Dataset records:
○ ○ ○

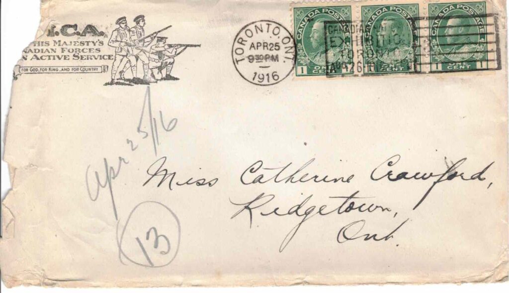 I am certainly writing under difficulties tonight (quite a frequent occurrence I guess eh what?) for the 81st and 83rd battalions are leaving for the front in half an hour and this building is simply jammed full of soldiers and friends who are here to see them off. The noise is enough to discourage anyone trying to write letters. I never saw such a crowd in my life – you would almost think it was exhibition time – the grounds have been crowded all afternoon. I hear that the 92nd Highlanders are on their final leave now and they will likely leave this week.
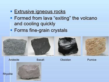 Why do extrusive igneous rocks have very small crystals in them? | Extrusive igneous rocks have very small crystals in them. The rapid cooling of these rocks makes the minerals solidify very fast, so large crystals don't have a chance to grow. |
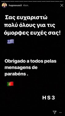 Ο Ούγκο Σόουζα μετά το τέλος των γενεθλίων του θέλησε να ευχαριστήσει τους διαδικτυακούς του φίλους για τις ευχές τους
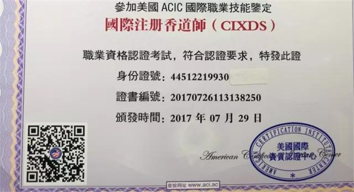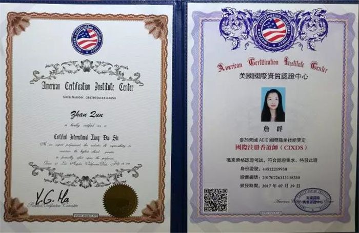 学员经过5天全天时间的学习,考试,合格后,才能办理美国ACIC《国际注册香道师》专业能力证书,网上可查询。
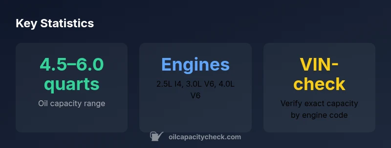 | 4.0L V6 | 5.5–6.0 quarts | With filter |
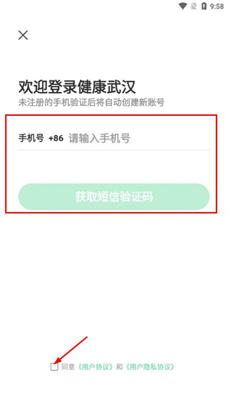 3、輸入手機(jī)號(hào),勾選用戶協(xié)議和用戶隱私協(xié)議,然后點(diǎn)擊獲取短信驗(yàn)證碼。
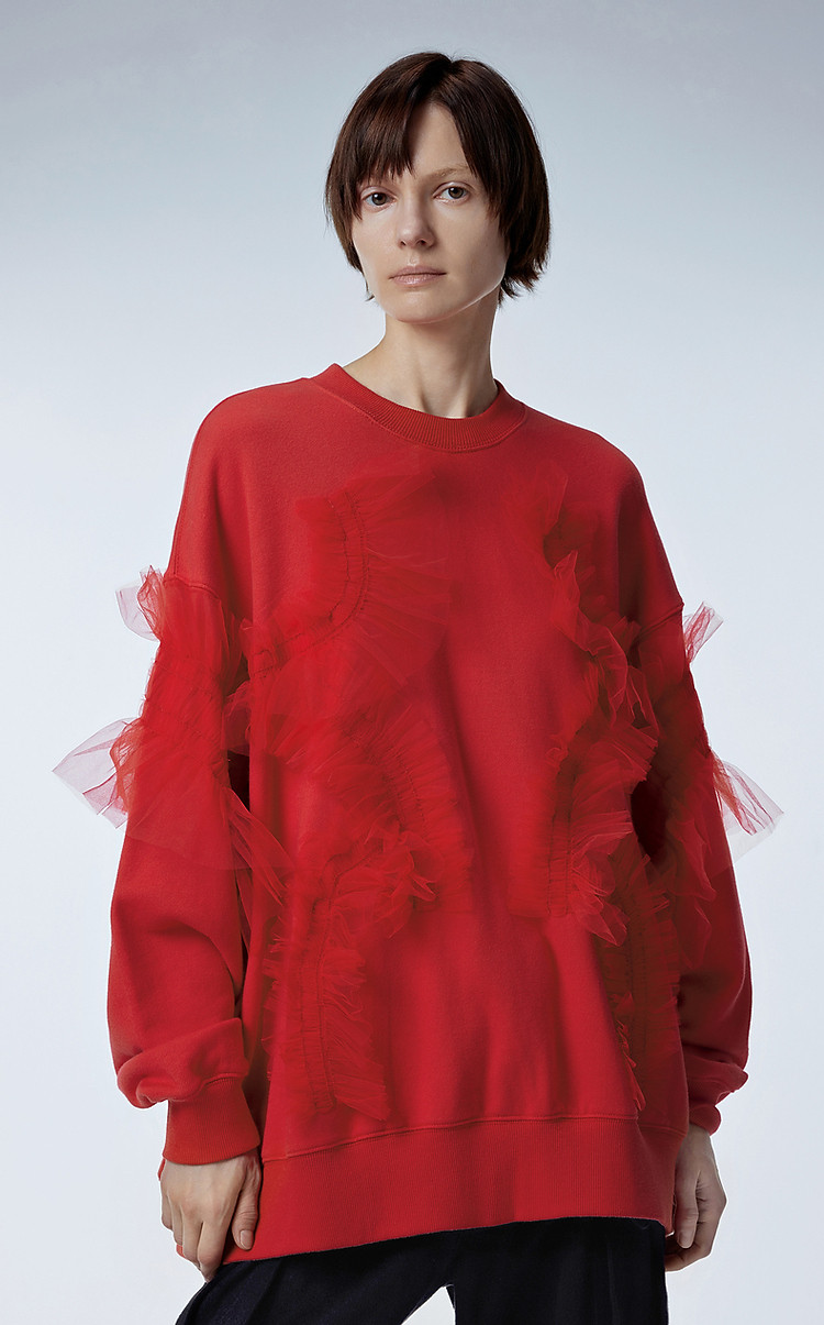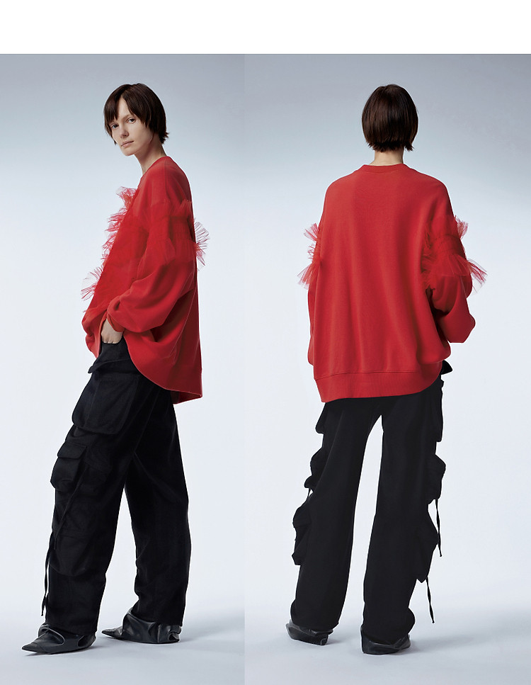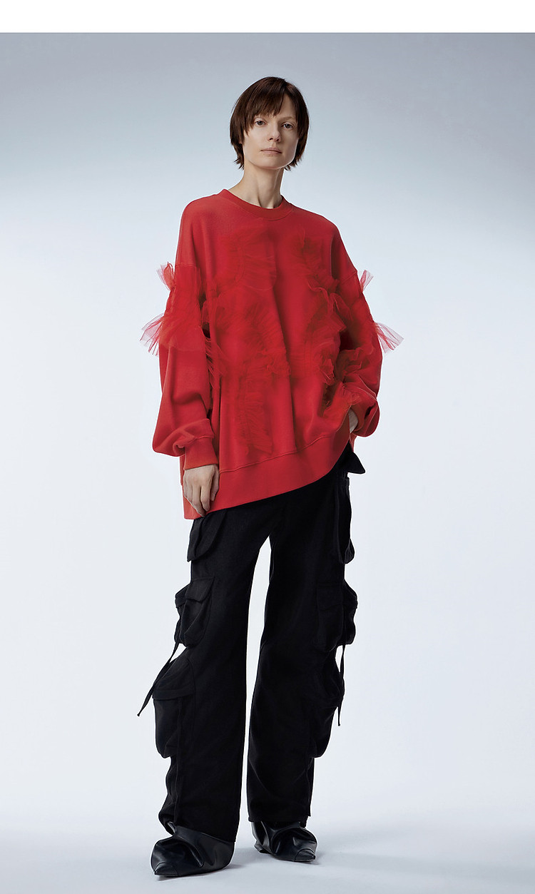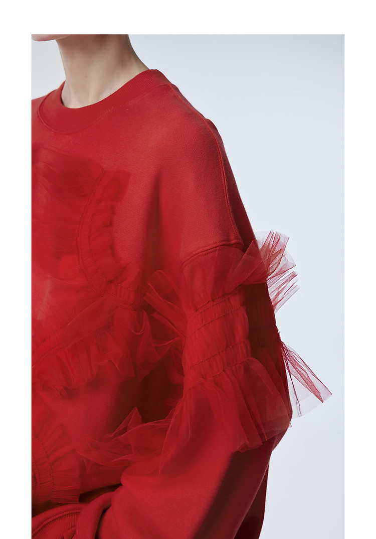 商品名称:冬卫衣网纱宽松圆领上衣女 418059

○ ○ ○

_Activity_
Exactly as written, restate the lines from the one that contains "学员经过5天全天时间的学习,考试,合格后" through the final line of the data, both ends included, but leave out the pictures.

_Solution to the exercise_
 学员经过5天全天时间的学习,考试,合格后,才能办理美国ACIC《国际注册香道师》专业能力证书,网上可查询。
 | 4.0L V6 | 5.5–6.0 quarts | With filter |
 3、輸入手機(jī)號(hào),勾選用戶協(xié)議和用戶隱私協(xié)議,然后點(diǎn)擊獲取短信驗(yàn)證碼。
 商品名称:冬卫衣网纱宽松圆领上衣女 418059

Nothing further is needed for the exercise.